───── DATASET EXTRACT

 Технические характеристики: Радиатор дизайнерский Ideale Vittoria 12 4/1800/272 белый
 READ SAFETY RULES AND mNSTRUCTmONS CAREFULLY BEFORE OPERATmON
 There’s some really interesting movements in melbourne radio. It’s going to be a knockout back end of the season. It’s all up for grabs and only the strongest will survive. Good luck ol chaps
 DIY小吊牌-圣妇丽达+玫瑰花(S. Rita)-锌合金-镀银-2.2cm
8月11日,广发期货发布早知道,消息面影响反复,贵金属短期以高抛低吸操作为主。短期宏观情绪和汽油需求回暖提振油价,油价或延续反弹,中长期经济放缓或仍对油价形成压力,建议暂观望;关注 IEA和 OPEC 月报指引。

──────────
───── DATASET EXTRACT

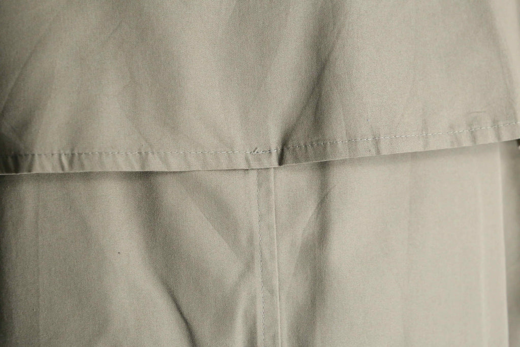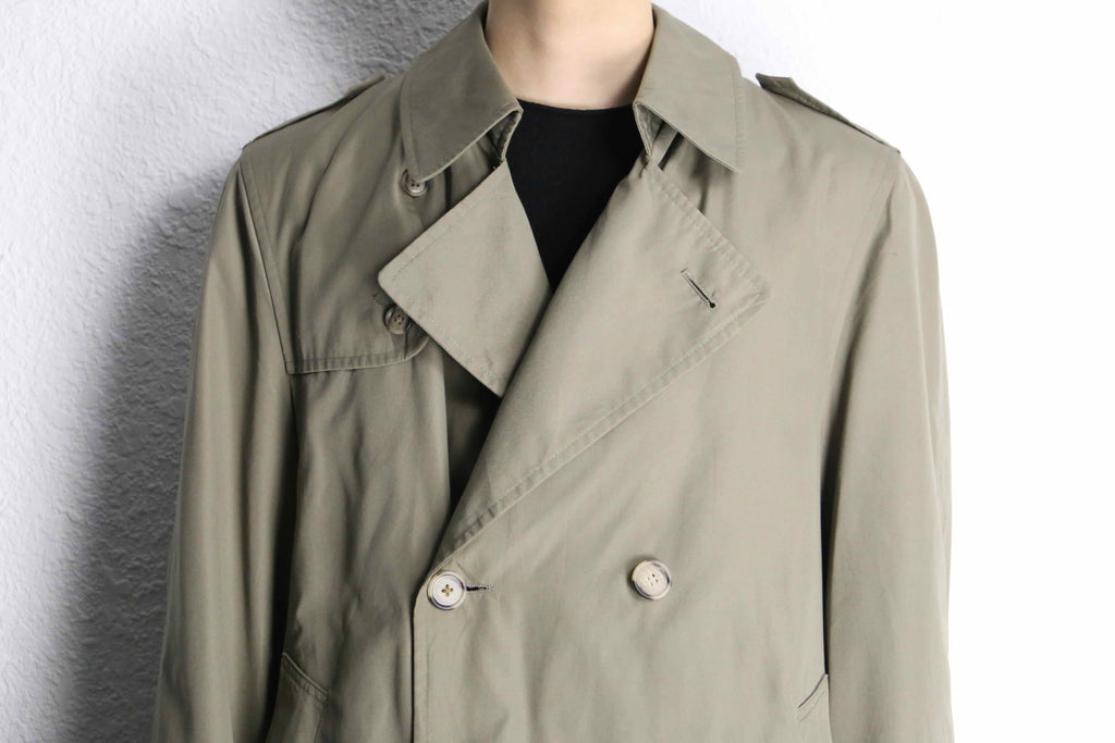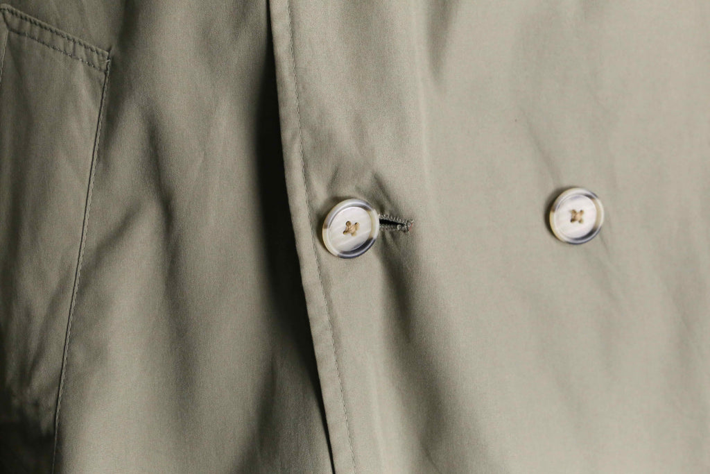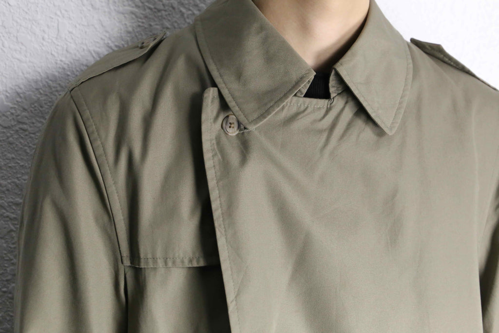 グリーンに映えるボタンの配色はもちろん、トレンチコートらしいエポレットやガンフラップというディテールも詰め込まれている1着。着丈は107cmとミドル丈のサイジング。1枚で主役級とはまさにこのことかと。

──────────

● ABOUT THIS EXERCISE
Take exactly the lines from the one containing "Технические характеристики: Радиатор" through the one containing "IEA和 OPEC 月报指引。" in the data above, and output them with nothing added.

● TASK RESULT
 Технические характеристики: Радиатор дизайнерский Ideale Vittoria 12 4/1800/272 белый
 READ SAFETY RULES AND mNSTRUCTmONS CAREFULLY BEFORE OPERATmON
 There’s some really interesting movements in melbourne radio. It’s going to be a knockout back end of the season. It’s all up for grabs and only the strongest will survive. Good luck ol chaps
 DIY小吊牌-圣妇丽达+玫瑰花(S. Rita)-锌合金-镀银-2.2cm
8月11日,广发期货发布早知道,消息面影响反复,贵金属短期以高抛低吸操作为主。短期宏观情绪和汽油需求回暖提振油价,油价或延续反弹,中长期经济放缓或仍对油价形成压力,建议暂观望;关注 IEA和 OPEC 月报指引。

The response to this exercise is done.